Crawshay’s voice was dropped to a mysterious pitch, but though he leaned towards the girl, his eyes were fixed upon her companion.
“He doesn’t go as far as to express a definite opinion, but he thinks that it might be that German raider — the Blucher, isn’t it? She can steal about quite safely in the fog, and she can tell by the beat of the engines whether she is near a man-of-war or not.”
Not a muscle of Jocelyn’s face twitched, but there was a momentary gleam in his eyes of which Crawshay took swift note. He glanced aft to where the two seamen were standing by the side of their guns.
“If it really is the German raider,” he remarked, “they might as well fire off a popgun as that thing. She is supposed to be armed with four six-inch guns and two torpedo tubes.”
Crawshay nodded.
“So I told the captain. We might have a go at a submarine, but the raider would sink us in two minutes if we tried to tackle her. What a beastly voyage this is!” he went on, in a depressed tone. “I can’t get over the fact that I risked my life to get on board, too.”

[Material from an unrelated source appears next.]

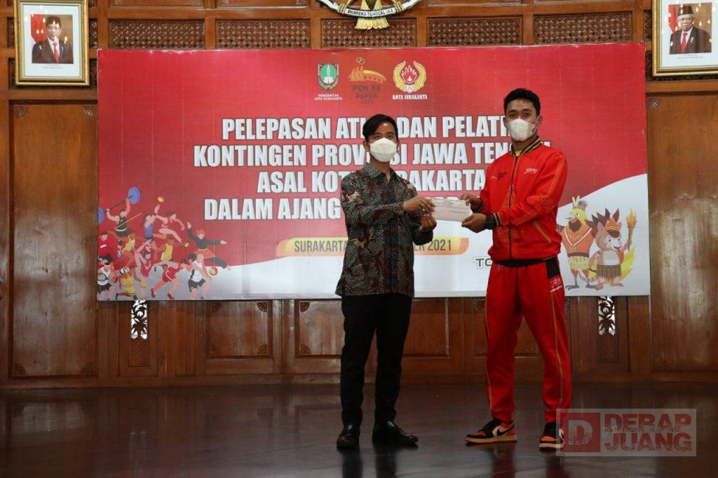Kota Surakarta – Wali Kota Surakarta, Gibran Rakabuming Raka melepas atlet dan pelatih, serta official Perwakilan Solo untuk memperkuat kontingen Provinsi Jawa Tengah di ajang PON XX Papua 2021. Sebanyak 64 orang yang terdiri dari, 52 atlet, serta 12 pelatih dan official dan teridri dari 19 cabang olahraga (cabor), dilepas di Pendapi Gede, Balaikota Surakarta, Jumat (17/9/2021).

Jocelyn Thew, with a little word of excuse, had swung around and disappeared. Katharine looked at her companion curiously.
“Do you believe that it really is the raider, Mr. Crawshay?” she enquired.

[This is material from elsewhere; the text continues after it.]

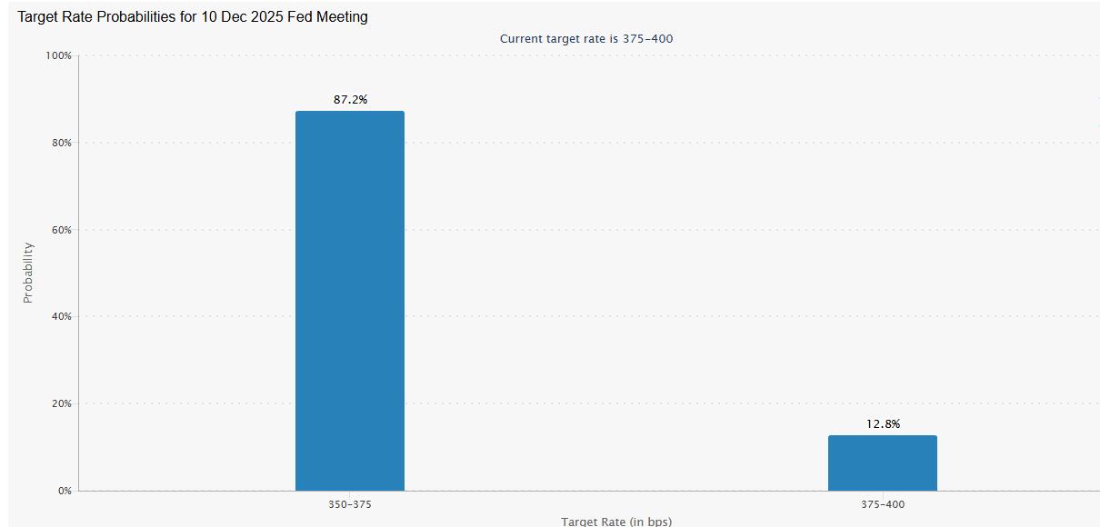 最后,根据芝加哥商品交易所(CME)的FedWatch工具显示,降息25个基点的概率已飙升至87.2%。此外,仅有12.8%的交易员预期美联储将维持利率不变。

He hesitated. In Jocelyn’s absence his manner seemed to undergo some subtle change, his tone to become crisper and less querulous.
“We had some reason to hope,” he said cautiously, “that she was on a different course. It is just possible, however, that in changing it she might have struck this bank of fog and preferred to hang about for a time.”
“What will happen if she finds us?”
“That depends entirely upon circumstances.”
“I have an idea,” Katharine continued, “that you know more about this matter than you feel inclined to divulge.”
“Perhaps,” he admitted. “Nowadays, every one has to learn discretion.”
“Is it necessary with me?” “It is necessary with any friend of Mr. Jocelyn Thew,” he told her didactically.
“What a suspicious person you are!” she exclaimed, a little scornfully. “You are just like all your countrymen. You get hold of an idea and nothing can shake it. Mr. Jocelyn Thew, I dare say, possesses a past. I know for a fact that he has been engaged in all sorts of adventures during his life. But — at your instigation, I suppose — they have already searched his person, his stateroom, and every article of luggage he has. After that, why not leave him alone?”
“Because he is an extremely clever person.”
“Then you are not satisfied yet?”
“Not yet.”
“Am I, may I ask, under suspicion?” she enquired, with faint sarcasm.
“I should not like to say,” he replied glibly, “that you were altogether free from it.”
She laughed heartily.
“I should not worry about the army if I were you,” she advised. “I am quite sure that secret-service work is the natural outlet for your talents.”
“I shouldn’t be surprised,” he confided, “if headquarters didn’t insist upon my taking it up permanently. It will depend a little, of course, upon what success I have during this voyage.”
She laughed in his face and turned away.
“I will tell you what I find so interesting about you, Mr. Crawshay,” she said. “You must be either very much cleverer than you seem, or very much more foolish. You keep me continually guessing as to which it is.”